"""

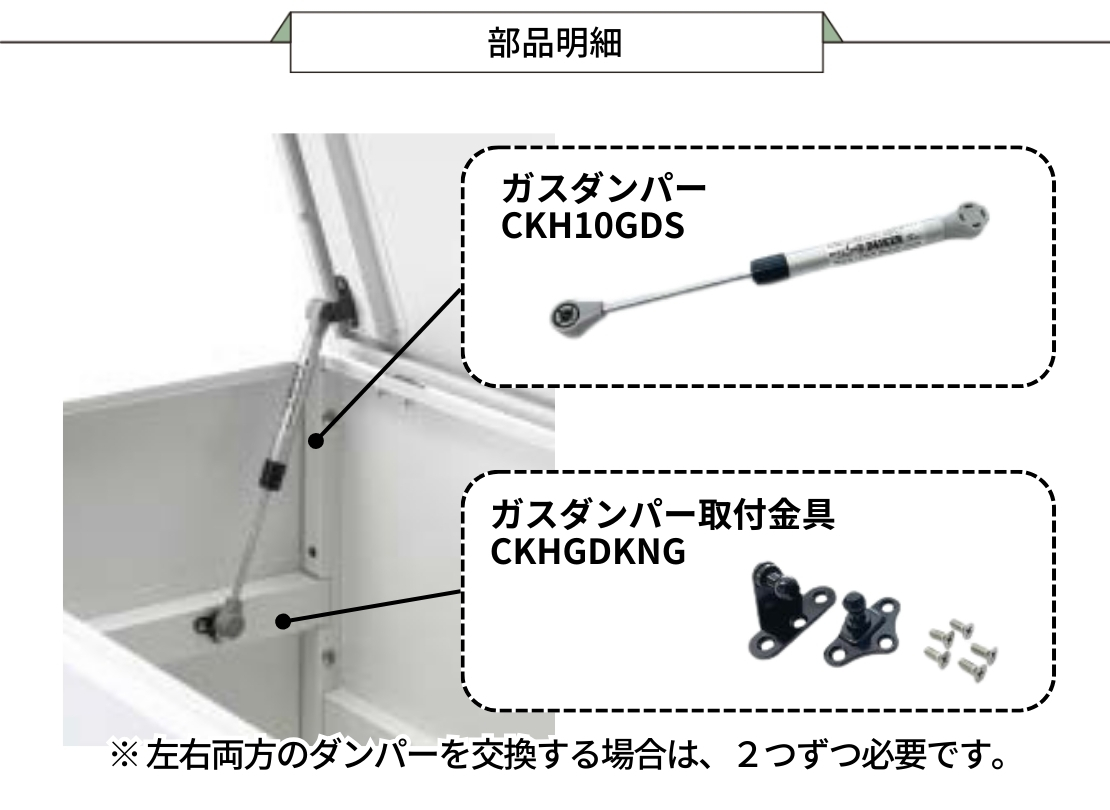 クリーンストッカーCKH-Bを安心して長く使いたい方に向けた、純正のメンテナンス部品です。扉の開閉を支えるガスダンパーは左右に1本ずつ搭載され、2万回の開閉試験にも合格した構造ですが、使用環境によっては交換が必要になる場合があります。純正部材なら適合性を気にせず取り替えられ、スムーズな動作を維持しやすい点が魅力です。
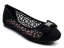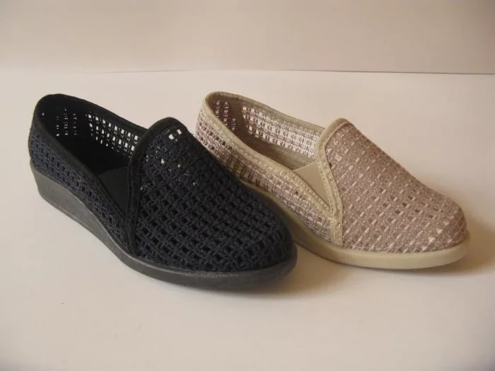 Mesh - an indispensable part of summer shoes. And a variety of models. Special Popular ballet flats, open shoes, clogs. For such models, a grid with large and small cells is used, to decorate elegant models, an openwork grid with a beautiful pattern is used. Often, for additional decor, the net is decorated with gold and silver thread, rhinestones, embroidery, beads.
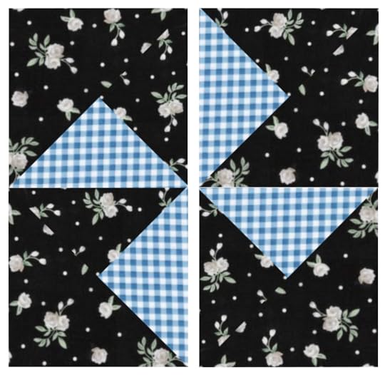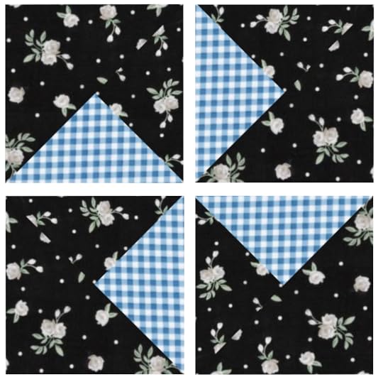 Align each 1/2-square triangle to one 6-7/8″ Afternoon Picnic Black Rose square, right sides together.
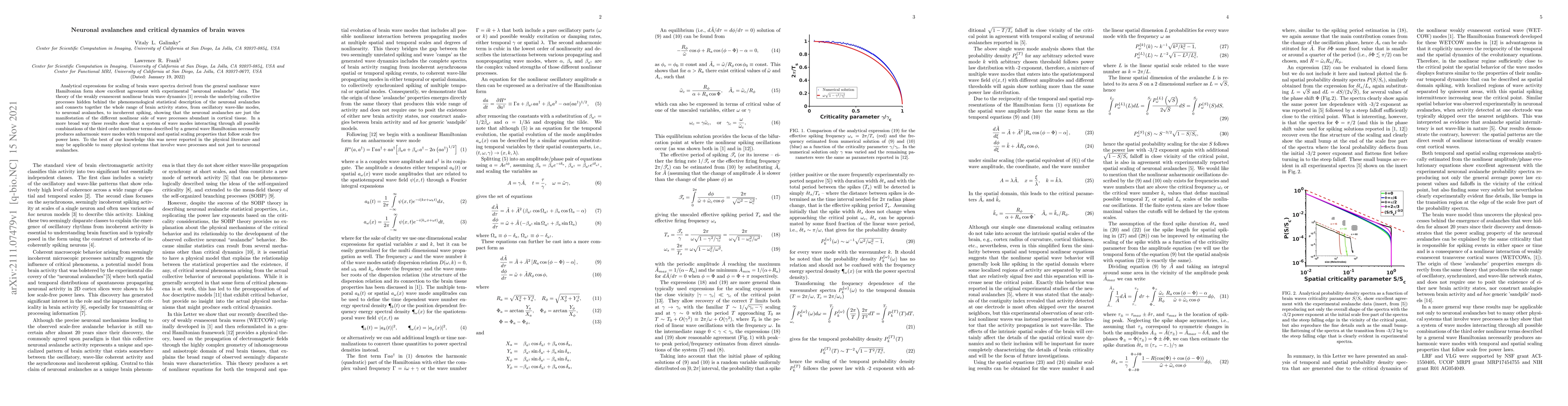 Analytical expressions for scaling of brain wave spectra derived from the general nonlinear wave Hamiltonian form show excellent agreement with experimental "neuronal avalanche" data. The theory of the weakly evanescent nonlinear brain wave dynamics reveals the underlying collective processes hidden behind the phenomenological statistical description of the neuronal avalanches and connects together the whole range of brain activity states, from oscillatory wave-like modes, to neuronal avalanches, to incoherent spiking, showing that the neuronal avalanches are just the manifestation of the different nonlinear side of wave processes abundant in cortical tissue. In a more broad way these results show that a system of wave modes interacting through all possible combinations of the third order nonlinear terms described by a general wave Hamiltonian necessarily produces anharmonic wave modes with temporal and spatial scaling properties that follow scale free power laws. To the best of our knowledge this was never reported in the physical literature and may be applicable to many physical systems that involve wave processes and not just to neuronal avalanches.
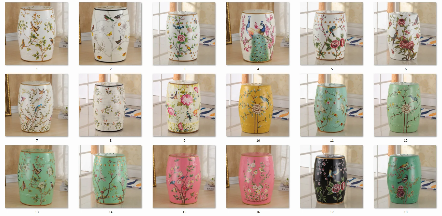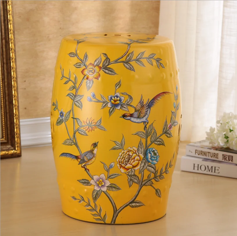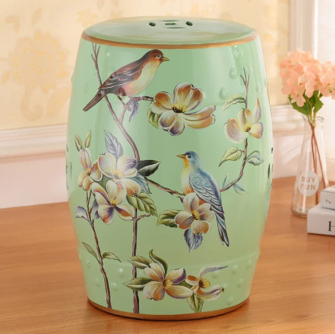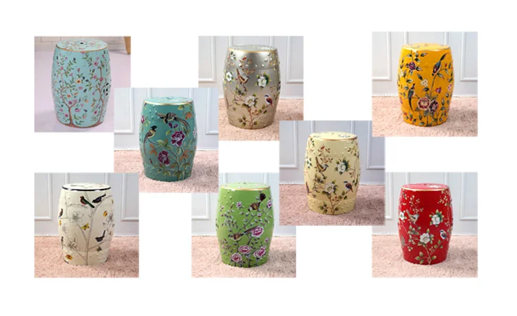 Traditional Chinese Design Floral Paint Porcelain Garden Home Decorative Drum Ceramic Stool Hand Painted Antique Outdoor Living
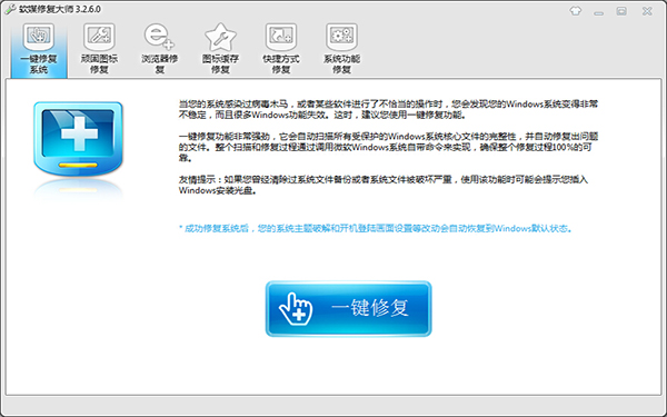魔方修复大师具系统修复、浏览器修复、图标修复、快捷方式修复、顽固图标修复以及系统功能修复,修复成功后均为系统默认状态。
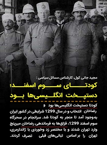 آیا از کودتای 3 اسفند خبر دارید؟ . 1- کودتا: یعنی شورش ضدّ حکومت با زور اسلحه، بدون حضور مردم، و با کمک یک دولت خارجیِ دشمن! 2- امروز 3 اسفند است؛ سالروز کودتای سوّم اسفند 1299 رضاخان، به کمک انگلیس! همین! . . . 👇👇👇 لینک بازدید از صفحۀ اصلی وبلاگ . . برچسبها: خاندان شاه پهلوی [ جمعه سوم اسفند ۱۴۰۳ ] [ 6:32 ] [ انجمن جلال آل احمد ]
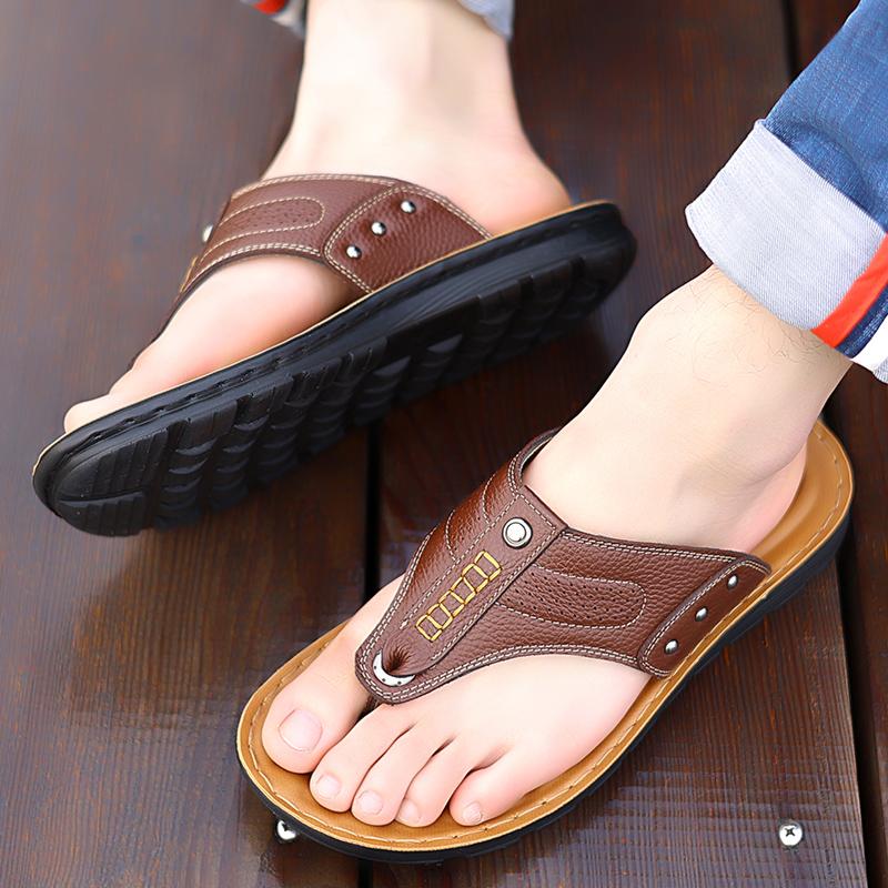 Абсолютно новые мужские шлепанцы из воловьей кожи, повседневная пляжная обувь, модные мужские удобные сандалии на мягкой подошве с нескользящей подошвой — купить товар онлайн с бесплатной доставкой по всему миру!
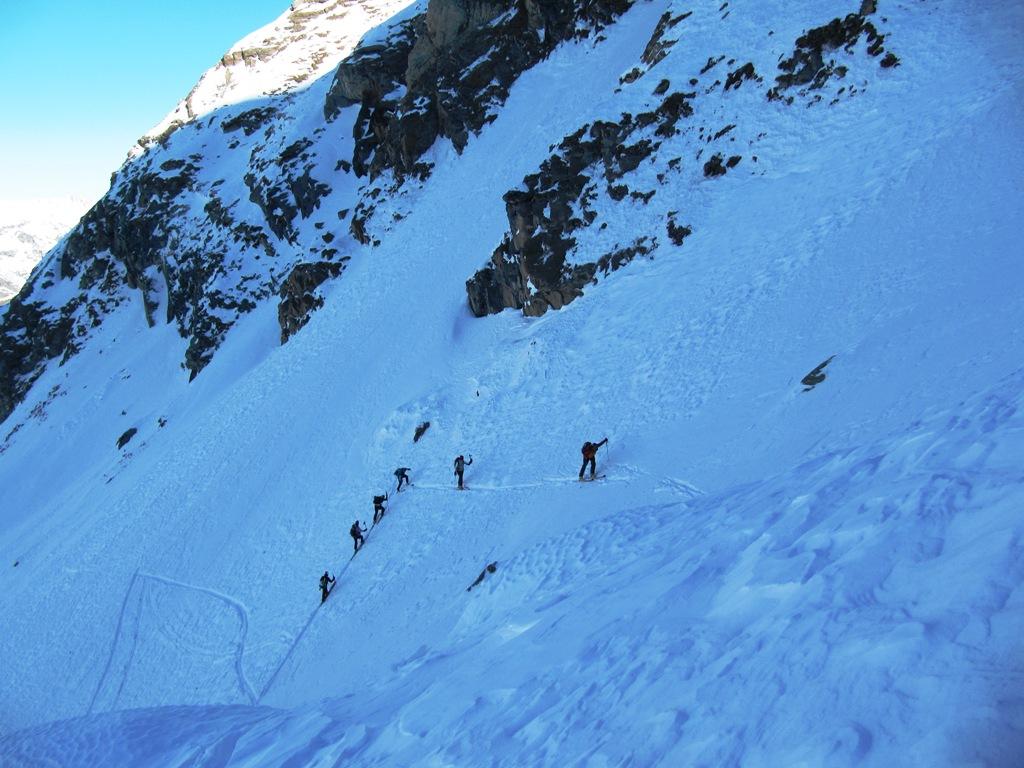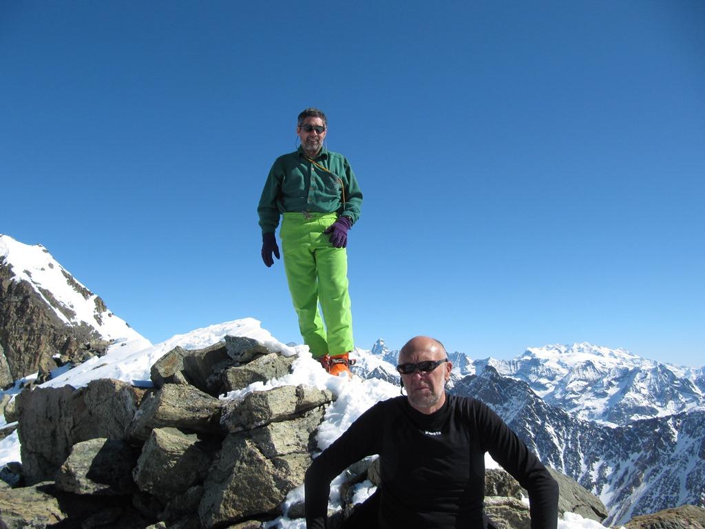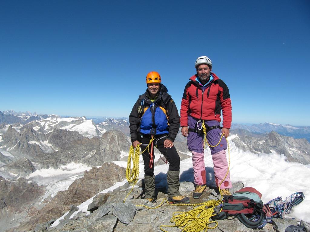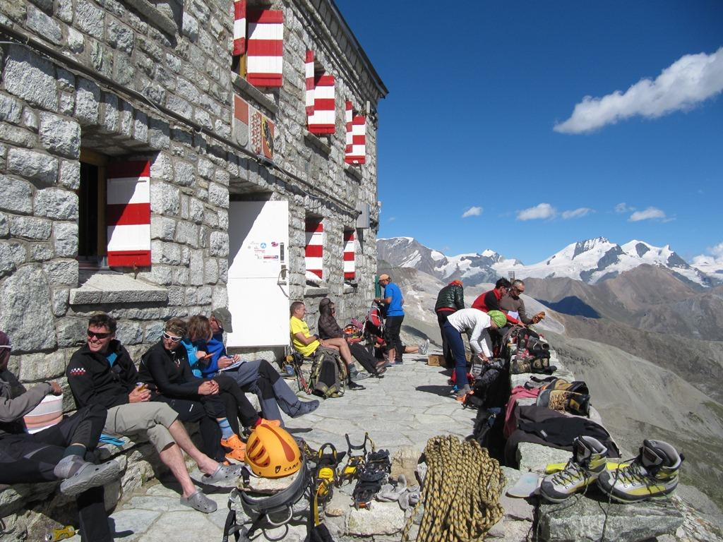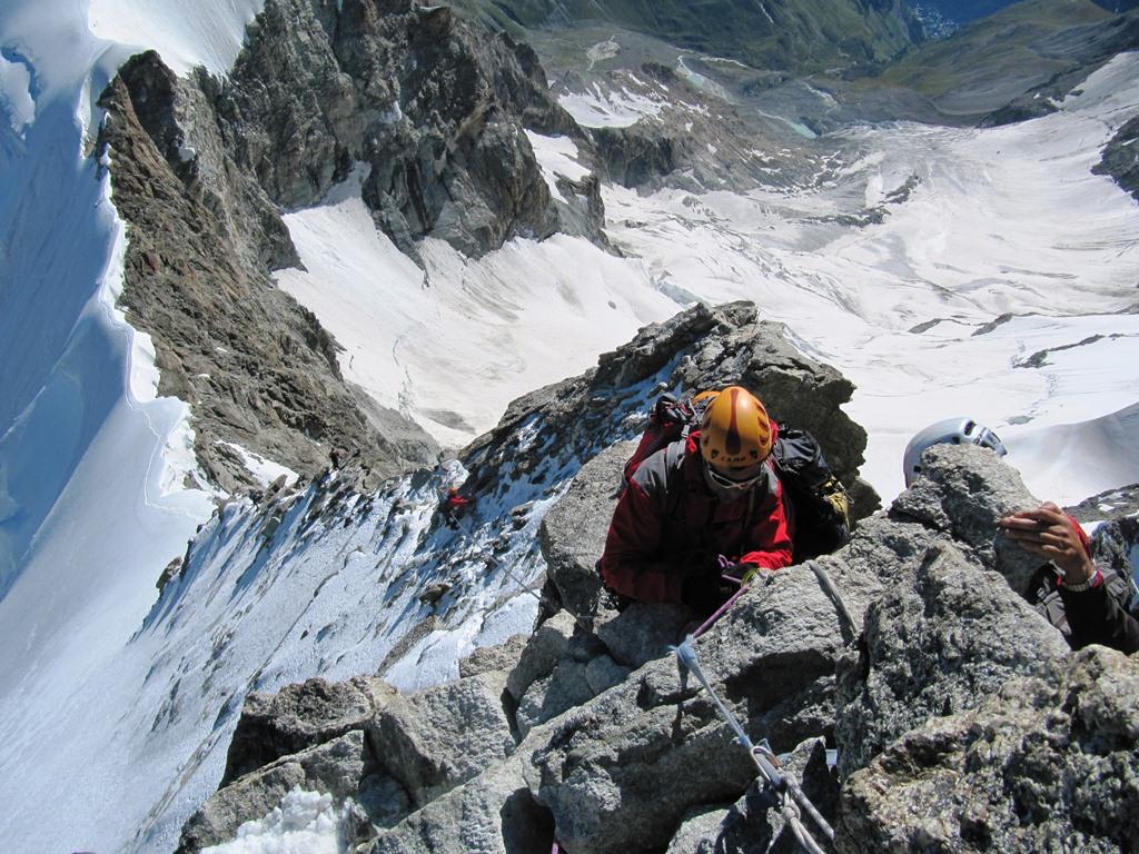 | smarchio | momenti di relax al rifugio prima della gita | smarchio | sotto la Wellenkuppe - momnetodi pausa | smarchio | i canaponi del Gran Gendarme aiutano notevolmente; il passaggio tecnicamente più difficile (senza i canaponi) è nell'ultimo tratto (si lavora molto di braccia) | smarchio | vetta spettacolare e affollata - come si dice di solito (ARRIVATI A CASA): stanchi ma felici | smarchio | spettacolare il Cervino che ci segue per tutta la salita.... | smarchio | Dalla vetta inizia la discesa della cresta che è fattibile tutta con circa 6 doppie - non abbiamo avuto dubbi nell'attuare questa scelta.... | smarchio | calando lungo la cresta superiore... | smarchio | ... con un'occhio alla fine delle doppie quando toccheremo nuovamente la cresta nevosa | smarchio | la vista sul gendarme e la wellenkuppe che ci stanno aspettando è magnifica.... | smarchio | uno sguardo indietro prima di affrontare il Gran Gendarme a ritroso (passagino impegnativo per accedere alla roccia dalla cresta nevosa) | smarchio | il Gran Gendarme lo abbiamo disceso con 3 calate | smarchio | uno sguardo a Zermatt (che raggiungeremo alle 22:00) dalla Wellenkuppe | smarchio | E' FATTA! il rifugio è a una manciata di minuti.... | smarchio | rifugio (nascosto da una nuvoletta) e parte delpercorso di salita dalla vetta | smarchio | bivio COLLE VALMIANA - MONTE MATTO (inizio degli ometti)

"""

▶ **Work request**:
Using the entries above, transcribe every line from the line containing "魔方修复大师具系统修复、浏览" through the line containing "آیا از کودتای". Do not copy pictures.

▶ **Output of the exercise**:
魔方修复大师具系统修复、浏览器修复、图标修复、快捷方式修复、顽固图标修复以及系统功能修复,修复成功后均为系统默认状态。
 آیا از کودتای 3 اسفند خبر دارید؟ . 1- کودتا: یعنی شورش ضدّ حکومت با زور اسلحه، بدون حضور مردم، و با کمک یک دولت خارجیِ دشمن! 2- امروز 3 اسفند است؛ سالروز کودتای سوّم اسفند 1299 رضاخان، به کمک انگلیس! همین! . . . 👇👇👇 لینک بازدید از صفحۀ اصلی وبلاگ . . برچسبها: خاندان شاه پهلوی [ جمعه سوم اسفند ۱۴۰۳ ] [ 6:32 ] [ انجمن جلال آل احمد ]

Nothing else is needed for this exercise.